Действительность утомляла и раздражала. Столько суеты и карикатуры во всех ее будничных проявлениях. В ярославских газетных заметках Богдановича повседневность напоминала гротескные короткометражки Мака Сеннета, или едкую графику Домье.

Семья Богдановичей, 1894 г.

Богданович спасался строгой эстетикой греков и римлян, ироничными классицистами, мизантропным творчеством Эдгара Аллана По, а еще белорусским языком… Что тут удивительного? В чем загадка, что нашего мальчика, живущего в России, привлек этот язык? Начало 20-го века – самый пик общеевропейской моды на фольклор. Но для Богдановича это была не просто мода.

Белорусский язык – такой необычный в своей таинственной фантомности – привлекал и завораживал его, в начале так же, как и мистическая неоднозначность романов Вашингтона Ирвинга, где туманы и мрак скрывали сказочные фигуры богатырей и мифологических героев.

Белорусский язык – был для Богдановича дико-фэнтезийным пространством, в котором он скрывался, где вдохновлялся и подпитывался, стремился овладеть, чтобы затем создавать, выстраивать и придумывать свой вневременной-неоклассический мир. Как же это захватывающе и даже возбуждающе, не будучи фактически никогда в тех местах, где бытовал этот язык, не слышав его живого звучания, постигать его, учиться ему, подчинять, как своенравного мистического коня Лунгту, этого вечного символа жизненной силы, упорства и интеллектуальной независимости. Что может быть интереснее?

Поэтому в те моменты, когда Богданович выходил из эротических объятий языка, разве мог он серьезно относиться к действительности? Конечно, нет! А потому, не только дурачился на занятиях, а еще и пытался в своем классе создать кружок анархистов, прятал от полиции друга, который устроил взрыв на гимназической лестнице, любил заводить споры, а затем неожиданно, с криком, запрыгнуть на стол и станцевать канкан, чем пугал оппонентов.

Богданович с друзьями-гимназистами 1911 г.

Когда в этой далекой и загадочной Беларуси начали выпускаться первые национальные газеты, его стихи там не спешили печатать. Многое исчезало в редакторском столе. Богдановича это не удивляло. Разве ТАМ люди интереснее, чем ТУТ, в Ярославле? То, что сотрудники «Нашей Нивы» говорят с тобой на одном языке, являются вроде бы твоими единомышленниками, должно ли что-то решать? Они, спрятавшись в незамысловатых слезящихся припевках о лаптях и злой доли мужика, по-детски боятся идти дальше, боятся или не хотят чувствовать его чар, не умеют подчинить его неукротимую энергию. Разве можно обижаться на детей?

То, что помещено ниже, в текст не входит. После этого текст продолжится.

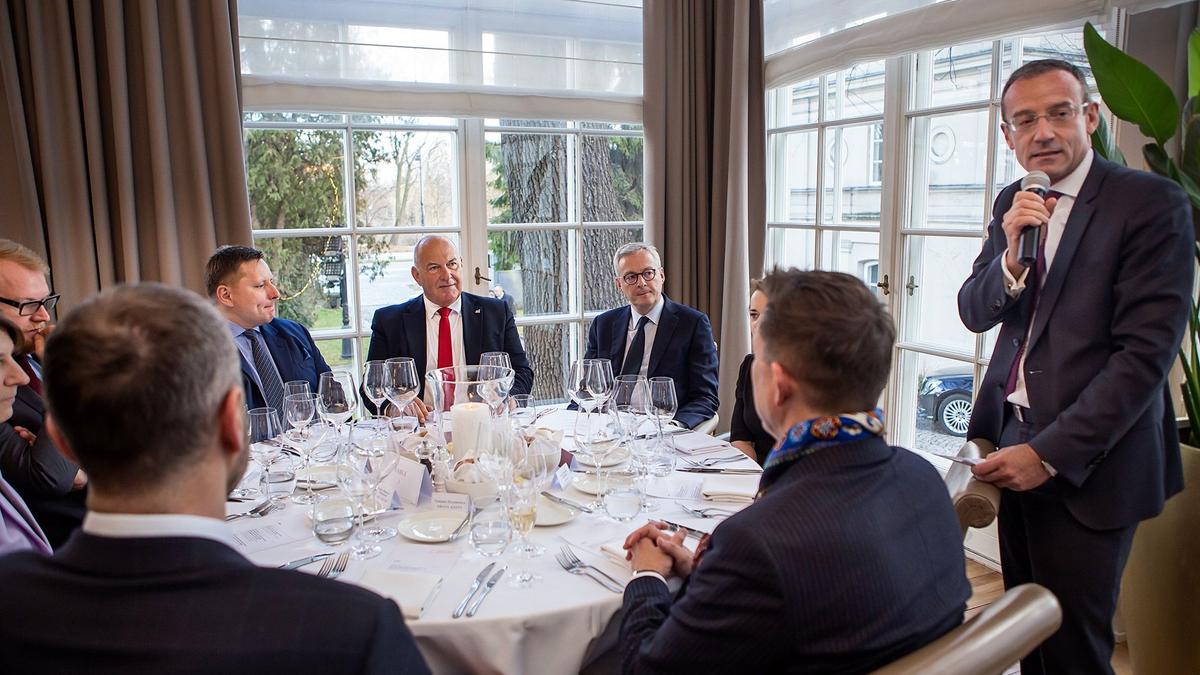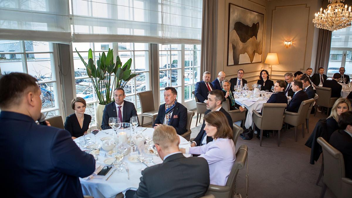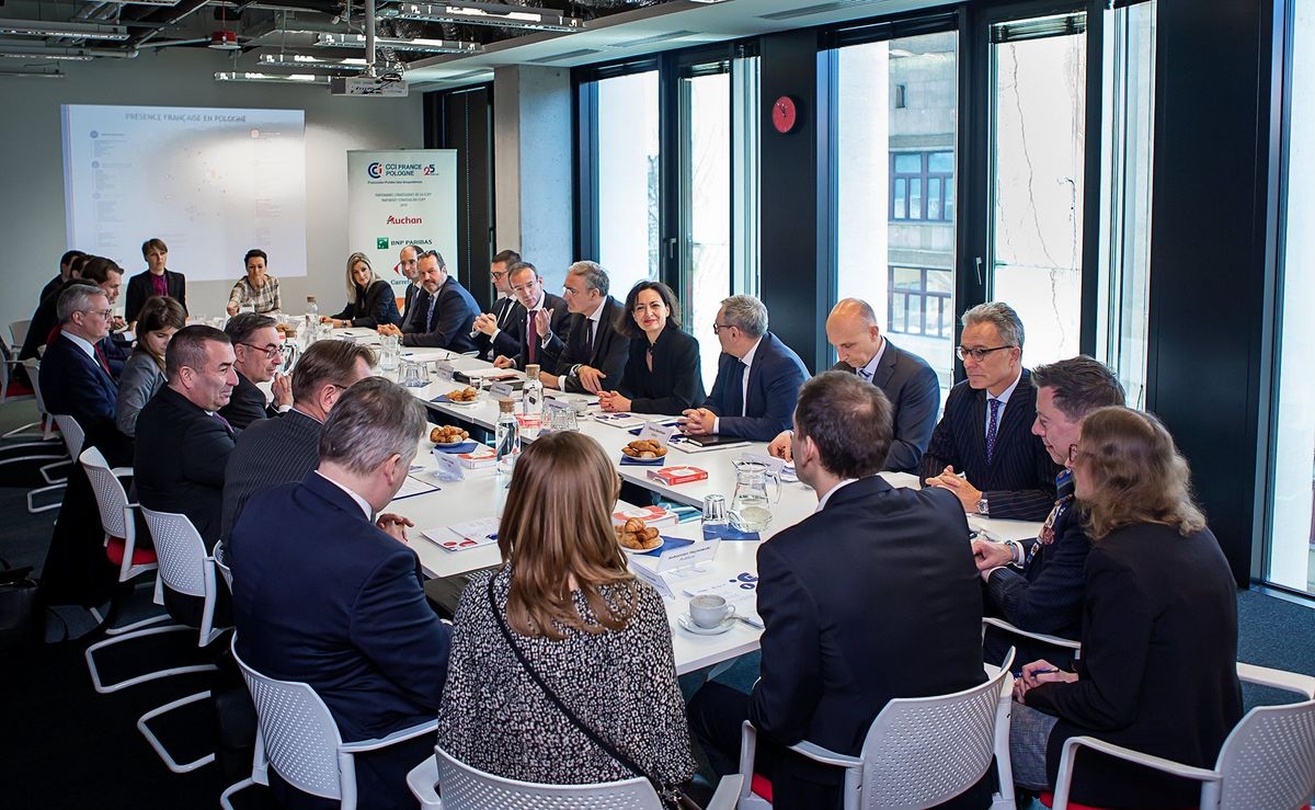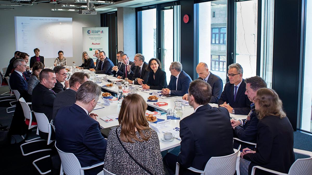 Les entretiens se sont poursuivis autout d'un dejeuner commun auquel ont participé les représentants de la délégation française : Bruno Le Maire - Ministre de l'Économie et des Finances, Elisabeth Borne - Ministre de la Transition écologique et solidaire, et les représentants du gouvernement polonais et des entreprises polonaises, parmi lesquels Jadwiga Emilewicz - Ministre du développement, Michał Kurtyka - Ministre du climat, Tadeusz Kościński - Ministre des finances, et les dirigeants des entreprises telles que KGHM, PZG, Grupa Azoty, LOT, Naval Group, ainsi que des entreprises françaises et des partenaires stratégiques de la CCIFP : Orange Polska, BNP Paribas Bank Polska, Carrefour Polska, Wyborowa Pernod Ricard ou Auchan Polska.

Богданович писал о тогдашних белорусских литераторах бескомпромиссные статьи. Призывал (прекрасно понимая, что не услышат) иметь достаточно творческой отваги, чтобы ломать привычные представления, выжимать из себя эту рабскую «правильность», быть хулиганистыми, ввязываться в драки с великими. Не побоялся же он «наехать» на Пушкина и доказать, что русский классик был не прав, обесславив Сальери.

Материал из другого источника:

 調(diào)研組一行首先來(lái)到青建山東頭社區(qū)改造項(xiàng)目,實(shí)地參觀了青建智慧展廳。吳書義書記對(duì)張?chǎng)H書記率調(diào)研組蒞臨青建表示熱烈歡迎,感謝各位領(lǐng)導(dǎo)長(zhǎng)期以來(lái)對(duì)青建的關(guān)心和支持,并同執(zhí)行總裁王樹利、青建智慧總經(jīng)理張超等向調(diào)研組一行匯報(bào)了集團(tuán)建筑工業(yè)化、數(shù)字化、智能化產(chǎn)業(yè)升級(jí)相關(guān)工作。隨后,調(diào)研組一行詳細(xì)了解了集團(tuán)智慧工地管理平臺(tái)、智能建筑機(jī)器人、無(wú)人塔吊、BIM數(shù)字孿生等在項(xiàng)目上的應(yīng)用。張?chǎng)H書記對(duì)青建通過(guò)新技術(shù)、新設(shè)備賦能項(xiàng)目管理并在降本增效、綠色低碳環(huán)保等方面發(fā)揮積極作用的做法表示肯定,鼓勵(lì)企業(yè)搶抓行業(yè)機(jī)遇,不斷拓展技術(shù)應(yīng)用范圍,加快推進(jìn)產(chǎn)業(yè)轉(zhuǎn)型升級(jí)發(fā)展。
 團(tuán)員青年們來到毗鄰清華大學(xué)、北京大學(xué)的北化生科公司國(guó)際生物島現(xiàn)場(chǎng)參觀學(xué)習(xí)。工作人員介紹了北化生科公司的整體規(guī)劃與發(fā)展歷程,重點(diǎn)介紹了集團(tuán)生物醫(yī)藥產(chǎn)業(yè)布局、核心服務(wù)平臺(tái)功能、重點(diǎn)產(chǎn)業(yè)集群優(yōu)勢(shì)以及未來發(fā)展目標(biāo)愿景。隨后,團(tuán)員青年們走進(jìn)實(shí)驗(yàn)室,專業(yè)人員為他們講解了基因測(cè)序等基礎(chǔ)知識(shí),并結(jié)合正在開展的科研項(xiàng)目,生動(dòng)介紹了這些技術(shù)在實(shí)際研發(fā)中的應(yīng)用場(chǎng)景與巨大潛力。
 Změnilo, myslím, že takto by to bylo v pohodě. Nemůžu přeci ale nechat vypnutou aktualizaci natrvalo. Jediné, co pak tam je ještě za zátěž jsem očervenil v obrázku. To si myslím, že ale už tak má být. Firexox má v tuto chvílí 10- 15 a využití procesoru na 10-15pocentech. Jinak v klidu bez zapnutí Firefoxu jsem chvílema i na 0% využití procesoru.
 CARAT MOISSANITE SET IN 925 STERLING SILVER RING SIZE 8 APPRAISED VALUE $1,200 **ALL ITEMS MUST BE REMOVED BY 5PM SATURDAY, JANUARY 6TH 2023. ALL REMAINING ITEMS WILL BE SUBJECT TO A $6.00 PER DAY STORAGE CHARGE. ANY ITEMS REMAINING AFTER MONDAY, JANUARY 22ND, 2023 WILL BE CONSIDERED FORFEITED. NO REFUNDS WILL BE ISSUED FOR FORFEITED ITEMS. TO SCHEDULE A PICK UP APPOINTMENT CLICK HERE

Сергей Вакар. Фрагмент памятника Богдановичу

Когда в России вышел роман Брэма Стокера «Дракула», Максим Богданович вслед за своим любимым Александром Блоком безустанно восхищался этой книгой. Богданович всегда симпатизировал гордым и обреченным на смерть отщепенцам (упомянутому Сальери, мифологическим Антею и Стратиму-Лебедю), оправдывал их и убедительно защищал. В Дракуле он увидел не чудовище, а трагического поэта, который живет не в своей эпохе, вынужден скрывать свою сущность и, которого энергетически питает его родная земля.

Богдановича так наполнял белорусский язык, благодаря которому он придумал свой вневременный-неоклассический мир, полный таинственного очарования, понять который и далее обогатить новыми красками, образами и эмоциями могли такие же гордые, одинокие – Владимир Дубовка и Михаил Стрельцов.